▸ Given information
=== Begin Enclosure ===

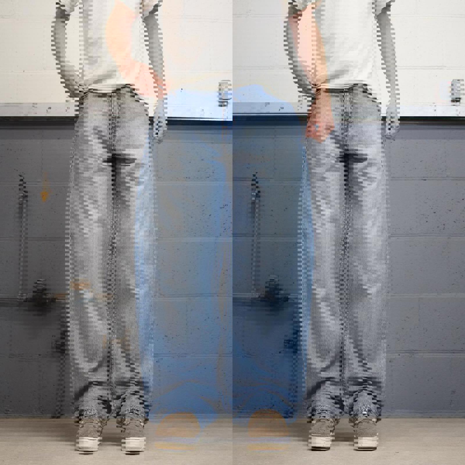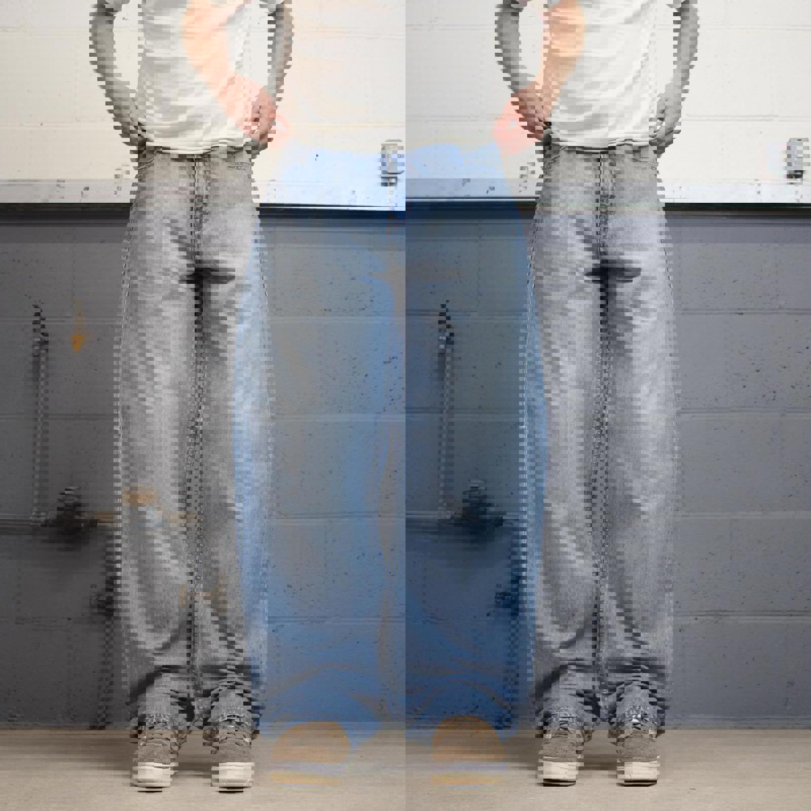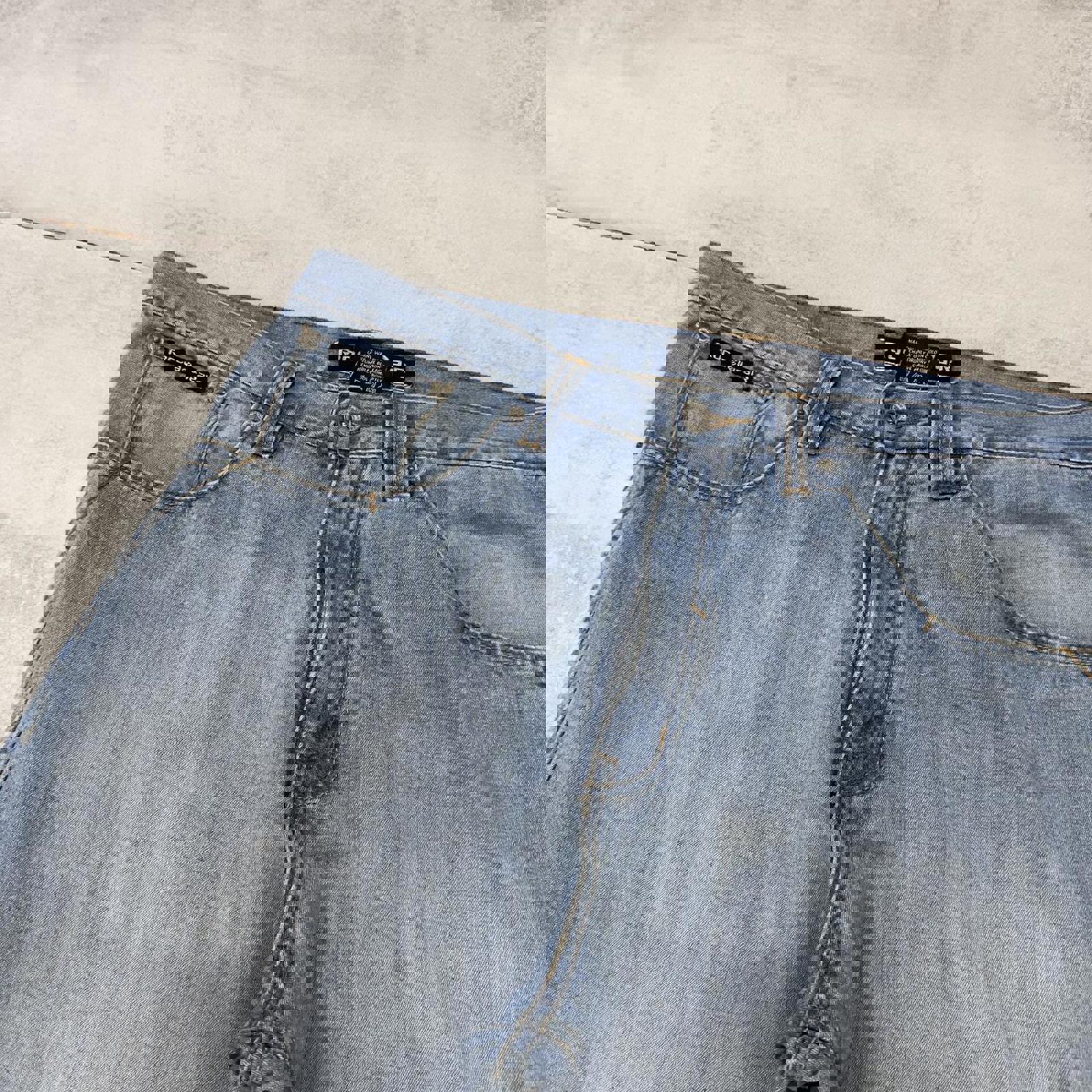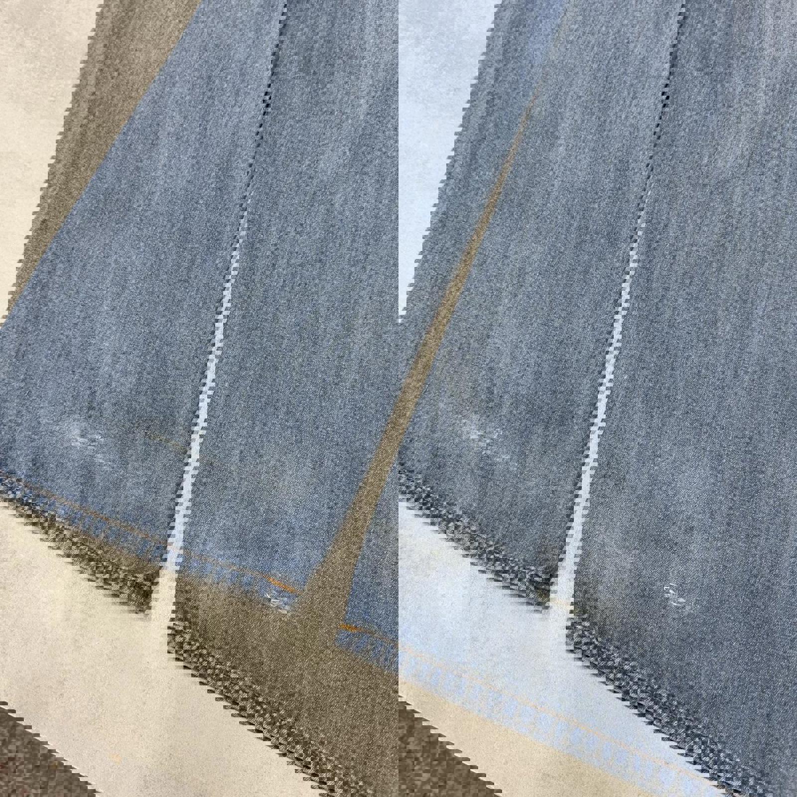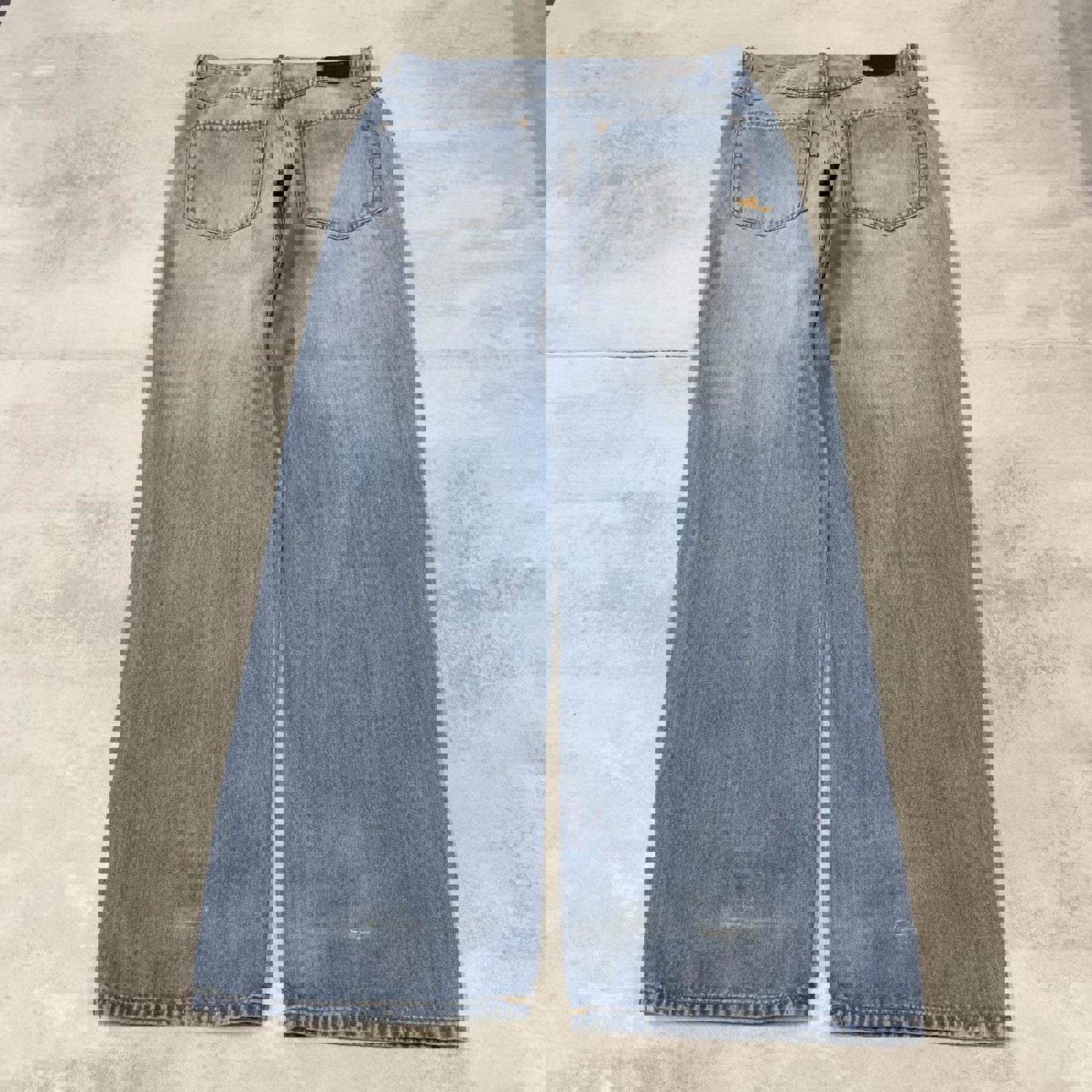 Good condition with denim fading, a couple of marks and light wear. Couple of loose threads on corner of back right pocket seam. small rip and faded marks at end of right leg.
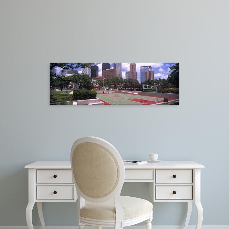 Easy Art Prints Panoramic Image 'Basketball court with skyscrapers in the background, Houston, Texas, USA' Canvas Art
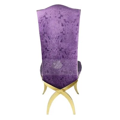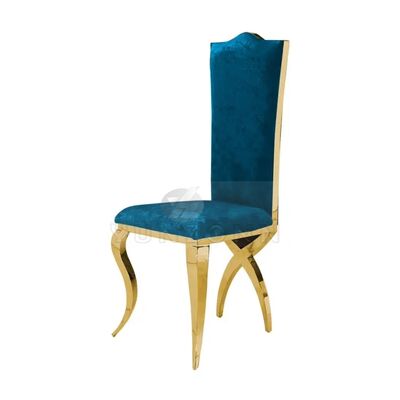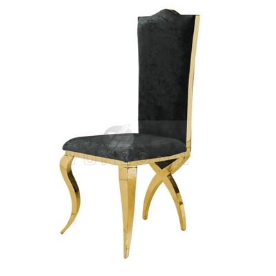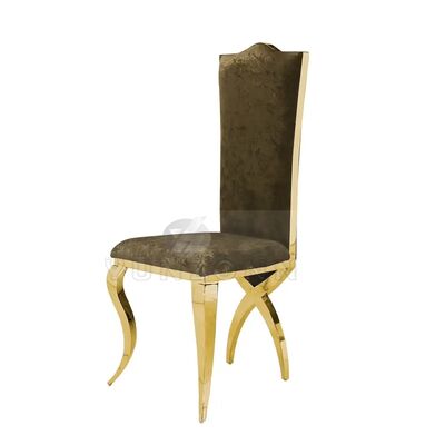 | اسم المنتج: | كرسي طعام فاخر بتصميم عرش بمسند ظهر عالٍ من الفولاذ المقاوم للصدأ الذهبي بأرجل متقاطعة للفنادق وحفلات الزفاف |
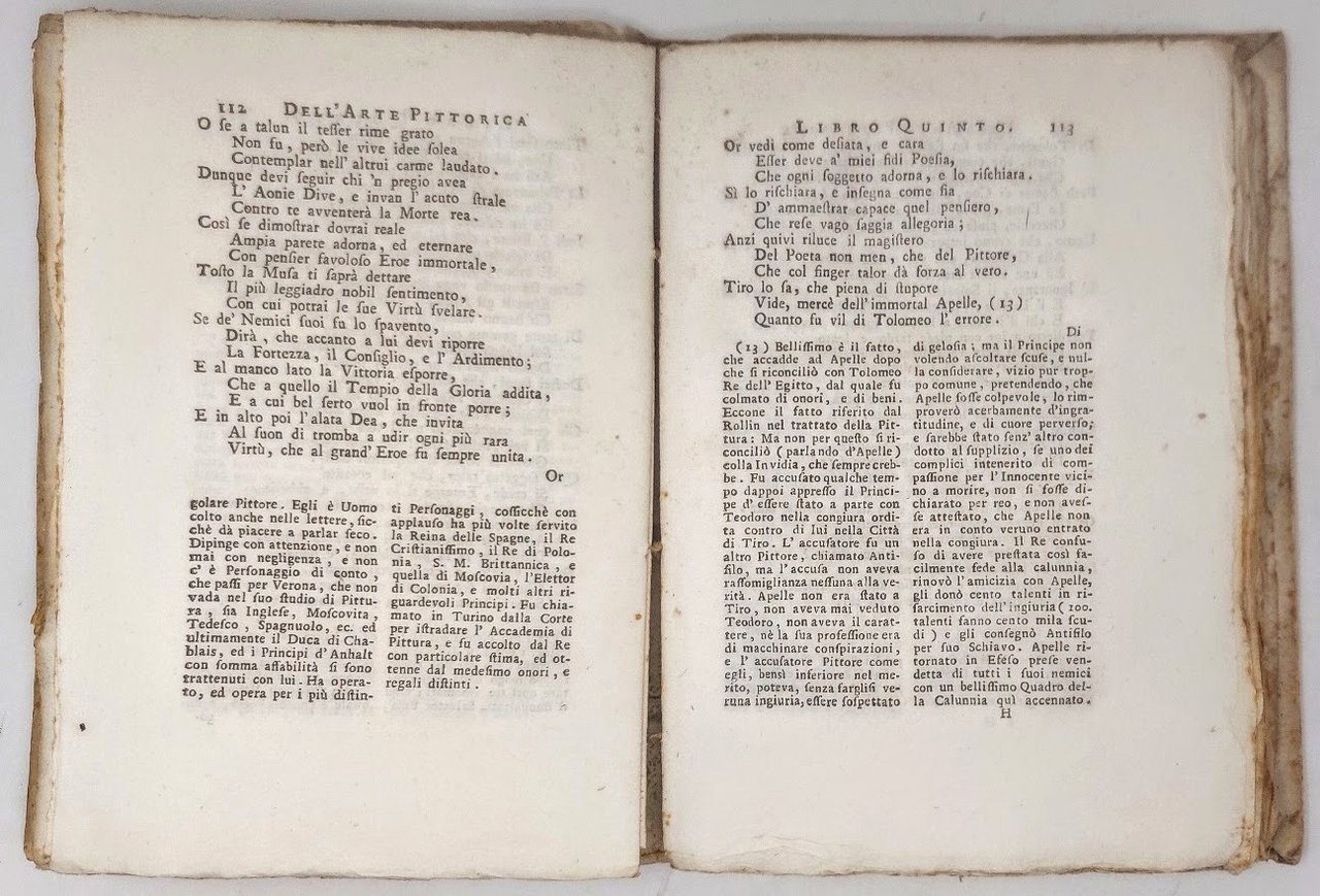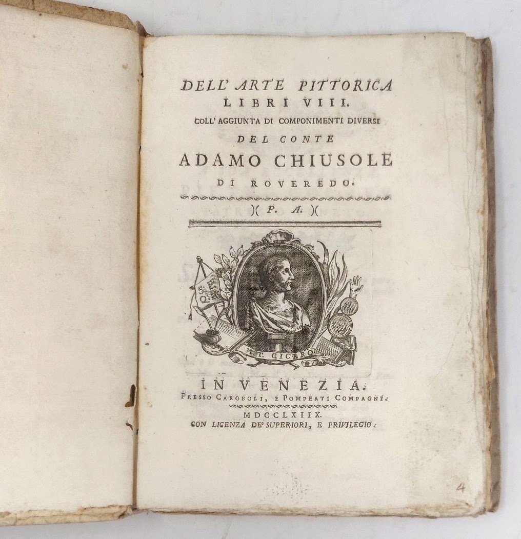 >in-8, pp. 296, leg. coeva cart., tit. ms. al dorso. Vignetta inc. al tit., deliziose testatine inc. in rame, finaletti ed iniz. silogr. Prima e unica edizione di questo poema letterario-artistico-didascalico in terzine sulla pittura, con sezioni separate sul disegno, il colore, la prospettiva, l'inventiva, lo stile, ecc., corredato di ampie note, indici degli artisti citati e scuole pittoriche; seguono ''Componimenti diversi del medesimo autore'' tra i quali spiccano il ''Componimento drammatico sopra la pittura'' (a pag. 257) e le cantate ''La scultura'' e ''La pittura'' (pp. 272-5). Comprende pure un sonetto indirizzato al console Smith, il famoso sponsor del settecento veneto. Il conte Chiusole (Rovereto 1728-1787) fu letterato, storico e pittore, allievo di Pompeo Batoni. Perfetto esemplare. Raro. Schlosser Magnino p. 683. Cicognara n. 978.

=== End Enclosure ===

▸ Your goal
The line with "وحفلات الزفاف |" ends the range, and the first line of the data begins it; repeat exactly those lines and nothing more, omitting pictures.

▸ Answer below
 Good condition with denim fading, a couple of marks and light wear. Couple of loose threads on corner of back right pocket seam. small rip and faded marks at end of right leg.
 Easy Art Prints Panoramic Image 'Basketball court with skyscrapers in the background, Houston, Texas, USA' Canvas Art
 | اسم المنتج: | كرسي طعام فاخر بتصميم عرش بمسند ظهر عالٍ من الفولاذ المقاوم للصدأ الذهبي بأرجل متقاطعة للفنادق وحفلات الزفاف |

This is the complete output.